### WHAT THE TASK REQUIRES
After the line containing "居民消费能力不断上升,使家庭", copy nothing more; up to and including it, copy every line of the listing exactly from the first, leaving out the pictures.
[Start of section]
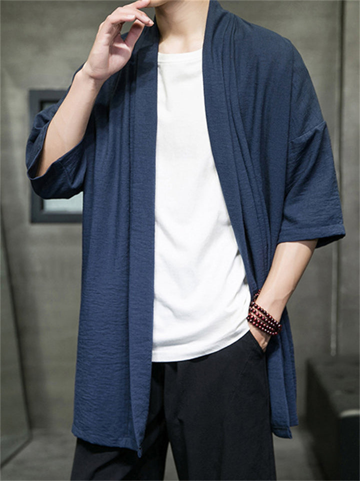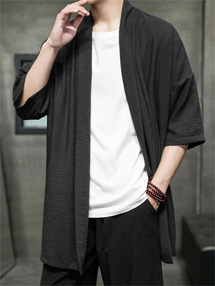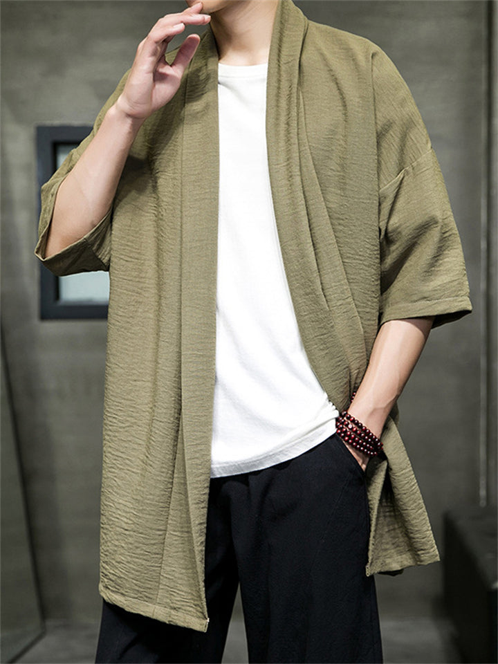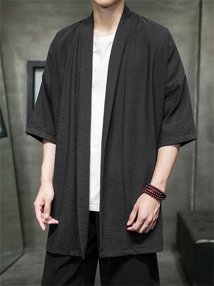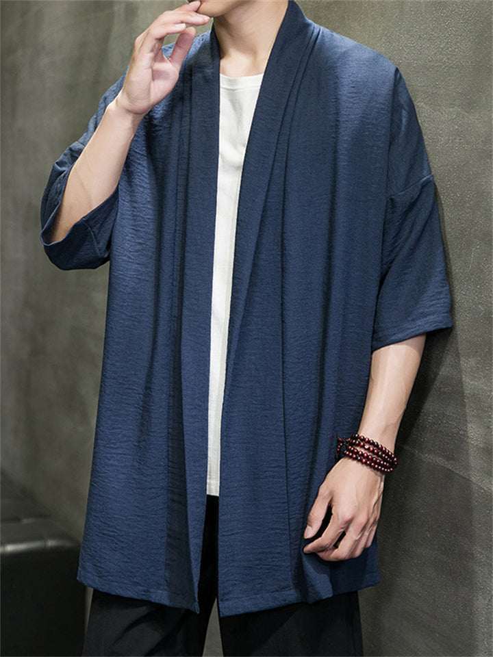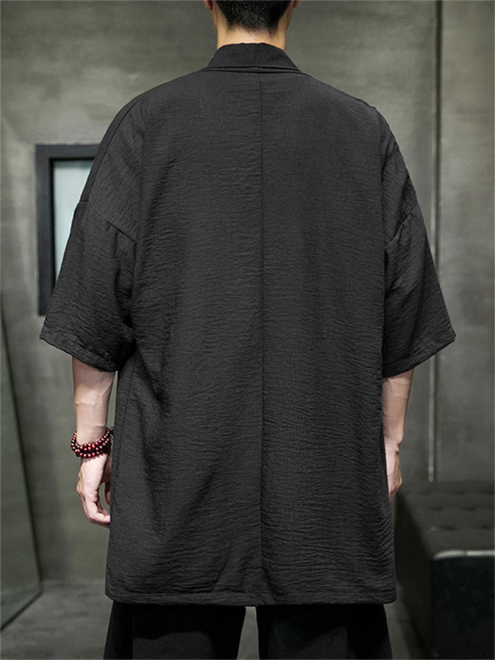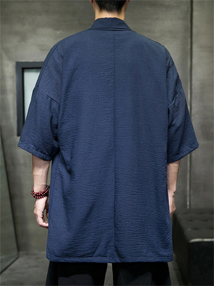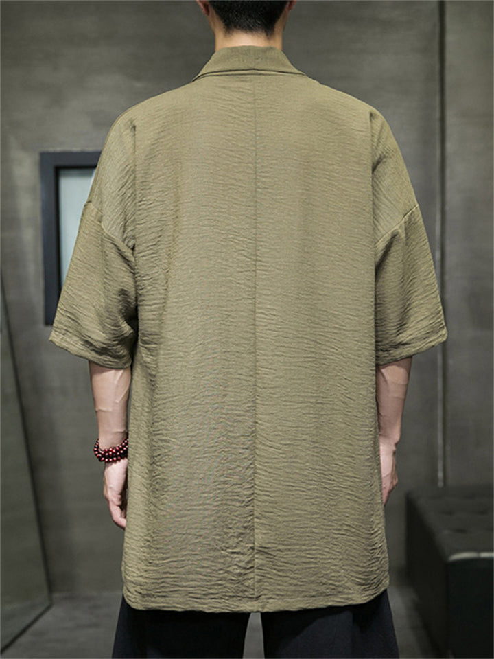 Male Simple Pure Color Chinese Style Open Front Shirts
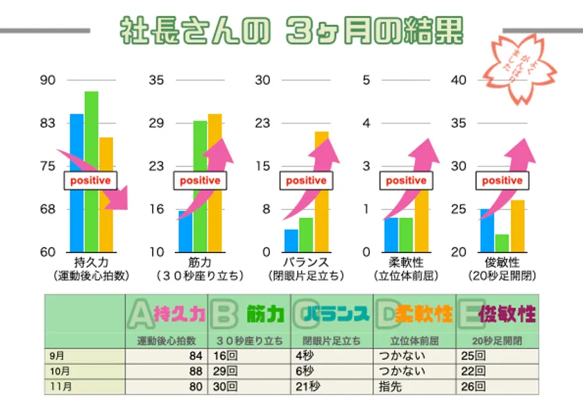 現在従業員数14名と小規模ながら、社長をはじめ社員全員が理学療法士というのも特徴の一つ、パーソナルトレーニングスタジオ、自費による保険外訪問リハビリテーション、企業での健康経営サポート、刑務所での受刑者に対する運動指導、老人ホームでの革新的なリハビリ室のプロデュースなど、様々な取り組みを行なっています。
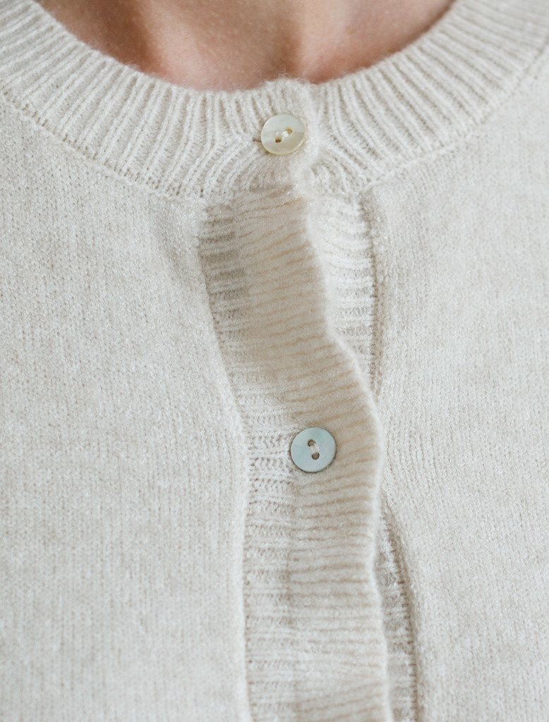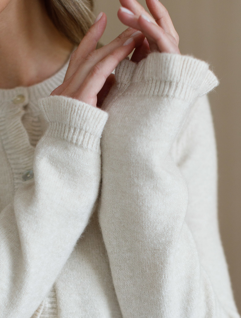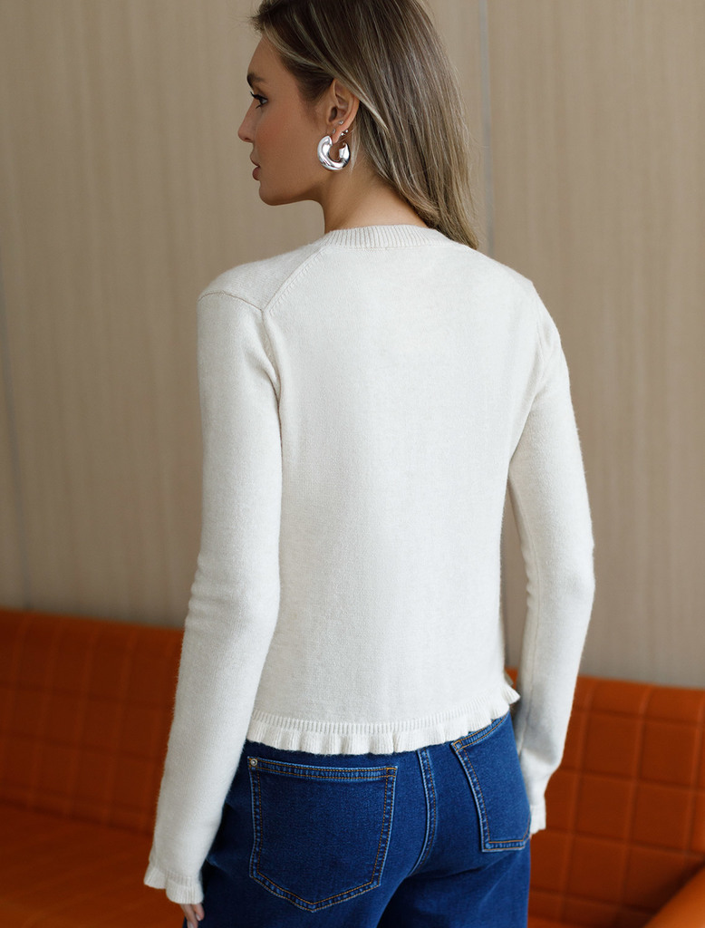 Состав: 52%ПАН (акрил) 33%ПЭ 8%ПУ 7%Кашемир Плотность: 9 GG Размер товара на первом фото: 42 Кардиган выполнен из мягкой меланжевой пряжи с Романтичности прямому силуэту добавляют мягкие воланы по лин... Показать описаниеии пуговиц, на манжетах и краю изделия. Застежка на пуговицы из натурального перламутра. Изделие очень приятное к телу, совершенно не колется и отлично сохраняет тепло. Сочетается в костюме с брюками D38.013, D38.012 и юбкой D36.016
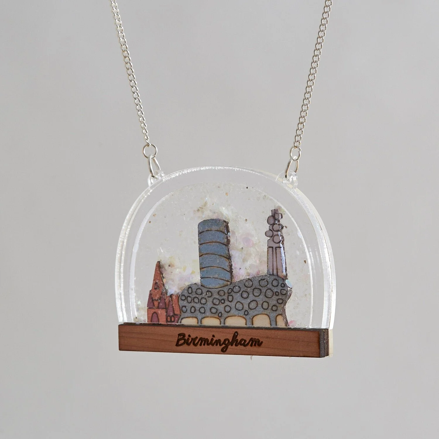 Birmimgham Snow Globe Necklace - Birmingham landmarks - Birmingham necklace - architecture - Brummie - skyline - snow globe jewellery
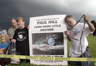 murderer Paul Hill, protest just minutes before his execution in Starke,
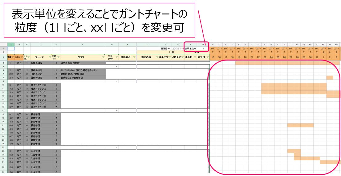 そこまでいくとほんとはガントチャートじゃなくて別成果物で構造化すべきもののようにも思えますが笑
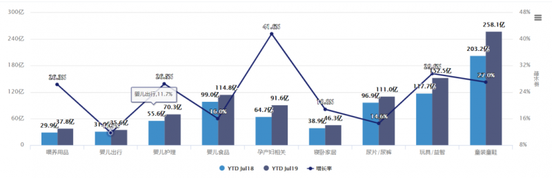居民消费能力不断上升,使家庭能够分配更多的支出在新生儿上,同时科学育儿观念逐渐形成,多元化消费需求愈加明显。从数据上看,母婴九大类目都得到了不同程度的增长,其中婴儿食品虽然在线上规模上还保持着第三的地位,但热度却持续降低,2018年全年婴儿食品热度最高,增长速度最快,达37.8%。但截至2019年7月,孕产妇相关为本期最热类目,婴儿食品仅为16%,仅排在第七位。
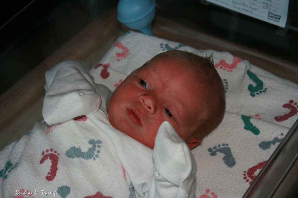 inches long and has a set of longs that any opera singer would cherish. Reagan R. Trump, my little me, has been so great to have around and has made Macey just a little jealous when he is in my arms. Monday the 15th was an adventuress day; our day started around 5:30am and ended just before midnight. Sarah and I really just hung out all day and she didn’t really have many contractions at all, but around eleven the contractions really picked up and things got really exciting. Sarah’s mom and my mom not only got to be in the room for Reagan’s birth they got to hold Sarah’s legs up for her; my sister got to record the entire birthing process (the video needs to be hacked and recoded, the camera didn’t close the file properly) I also got to be a part of the festivities, Sarah got to push and I got to catch our new little baby. That’s right; I got to catch my new little buddy. I really got to catch him, the only thing the doctor did was coach me on what to do and make sure the cord didn’t get wrapped around his neck. Wow it was so flipping cool and it is still so fresh in my head I love it. Once he popped out I set him on Sarah’s chest and gazed in amazement on what had just happen. Next thing I knew I was grabbing scissors and cutting the cord physically linking my son to my wife. That cord is some tough stuff to cut threw and just a little scary, after he was all cleaned up I got to cut the cord closer to his belly. Reagan was a little screamer while getting all cleaned up and I was all smiles, (not because he was screaming, but because I was so happy). After he was born and the video was shut off we really stared taking pictures, three camera were just flashing away for about an hour. Sarah looked so happy and relieved, I was so excited and all smiles, my mom was crying and my sister was amazed at how “not so gross or bad” the whole process was, and Sarah’s mom looked so proud she had a little grandson. Rich came up too but had to wait out in the hallway because Sarah didn’t want any guys seeing the personals; that weren’t so personal at the time. All in all it was a wonderfully great night and has really changed my life for the better even if I lose a little sleep each night.
[End of section]
### RESULT FOR THIS EXERCISE
 Male Simple Pure Color Chinese Style Open Front Shirts
 現在従業員数14名と小規模ながら、社長をはじめ社員全員が理学療法士というのも特徴の一つ、パーソナルトレーニングスタジオ、自費による保険外訪問リハビリテーション、企業での健康経営サポート、刑務所での受刑者に対する運動指導、老人ホームでの革新的なリハビリ室のプロデュースなど、様々な取り組みを行なっています。
 Состав: 52%ПАН (акрил) 33%ПЭ 8%ПУ 7%Кашемир Плотность: 9 GG Размер товара на первом фото: 42 Кардиган выполнен из мягкой меланжевой пряжи с Романтичности прямому силуэту добавляют мягкие воланы по лин... Показать описаниеии пуговиц, на манжетах и краю изделия. Застежка на пуговицы из натурального перламутра. Изделие очень приятное к телу, совершенно не колется и отлично сохраняет тепло. Сочетается в костюме с брюками D38.013, D38.012 и юбкой D36.016
 Birmimgham Snow Globe Necklace - Birmingham landmarks - Birmingham necklace - architecture - Brummie - skyline - snow globe jewellery
 murderer Paul Hill, protest just minutes before his execution in Starke,
 そこまでいくとほんとはガントチャートじゃなくて別成果物で構造化すべきもののようにも思えますが笑
居民消费能力不断上升,使家庭能够分配更多的支出在新生儿上,同时科学育儿观念逐渐形成,多元化消费需求愈加明显。从数据上看,母婴九大类目都得到了不同程度的增长,其中婴儿食品虽然在线上规模上还保持着第三的地位,但热度却持续降低,2018年全年婴儿食品热度最高,增长速度最快,达37.8%。但截至2019年7月,孕产妇相关为本期最热类目,婴儿食品仅为16%,仅排在第七位。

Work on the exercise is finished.